Campaigners Welcome Consultation On Indemnity But Say Proposals Will Not Deliver Justice For Patients

19 March 2013
Bridge the Gap campaigners have expressed relief that the government is finally set to strengthen regulation around insurance for dentists, but say it will not go far enough.

The Department of Health, on behalf of the four UK Health departments, has launched a consultation on legislation that would mean all regulated healthcare professionals – including dentists – will have to hold indemnity or insurance to practise. 

The UK wide consultation will run from 22 February to 17 May 2013.

The draft regulations will require all dental professionals to hold insurance or have indemnity arrangement as a condition of their registration with the relevant regulatory body. 

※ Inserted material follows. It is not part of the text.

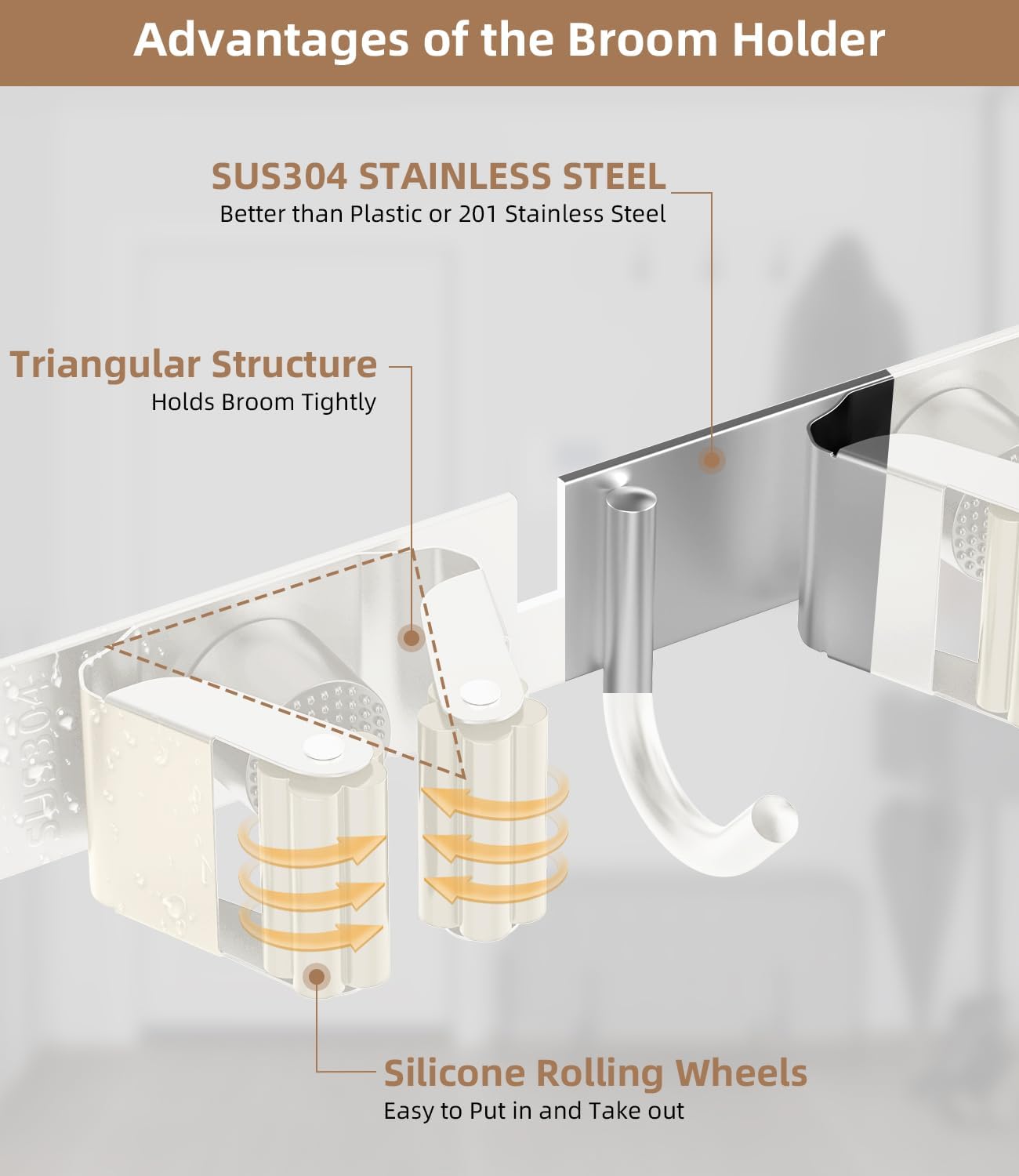 - 304 STAINLESS STEEL , ANTI-RUST & STURDY: The mop and broom holder wall mount is made of 304 stainless steel, making it corrosion-resistant, moisture-proof, and waterproof. Compared with plastic broom racks, it is stronger and more premium quality. This garage organization can hold up to 35 pounds when installed with screws, and the hook can also support your steam mop.

The vast majority of regulated healthcare professionals are in receipt of cover through their employers’ liability or via a professional body which offers an indemnity arrangement as a benefit of membership. 

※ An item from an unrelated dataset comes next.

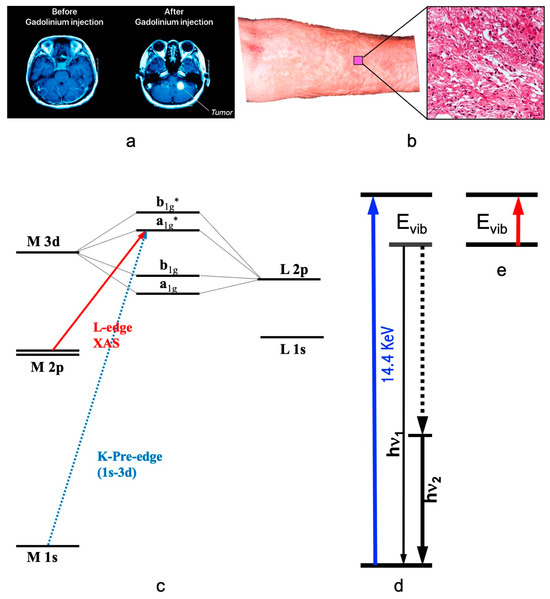(a) The illustrative MRI images without (left) vs. with a contrast agent (right); (b) the skin surface and its microscopic profile of NFS; (c) illustrative K- and L-edge X-ray absorption spectroscopy (XAS) transitions and the associated energy levels; (d) nuclear resonant vibrational spectroscopy (NRVS) transitions which measure the vibrations indirectly but with many advantages; (e) infrared absorption spectroscopy (IR), which measures vibrations directly.

However dentists, the vast majority of which are self-employed, have been individually responsible for ensuring appropriate cover is in place for all the work they undertake. The draft legislation will state that unless dentists can demonstrate that such arrangements are made they will be unable to be registered as healthcare professionals and so be unable to practise.

Chris Dean, spokesperson for the Bridge the Gap campaign, said: “This is good news for dental patients in the UK who will be better protected if this legislation is passed. The loophole which allows dentists to get away with not putting in place suitable indemnity cover will be finally closed.

“But unfortunately it goes nowhere near far enough in tackling the existing serious disregard for patients currently demonstrated by some indemnity providers. Unfortunately despite having been paid to provide insurance for dental negligence, some Insurers refuse to engage with dental patients who may have a justified case. These insurers use the excuse of a lack of instruction from the dentist in question, but this is of no help to the injured patients .”

The Department of Health has also given no indication in the consultation that information about indemnity provision for all 39,000 practising dentists in the UK will be in the public domain.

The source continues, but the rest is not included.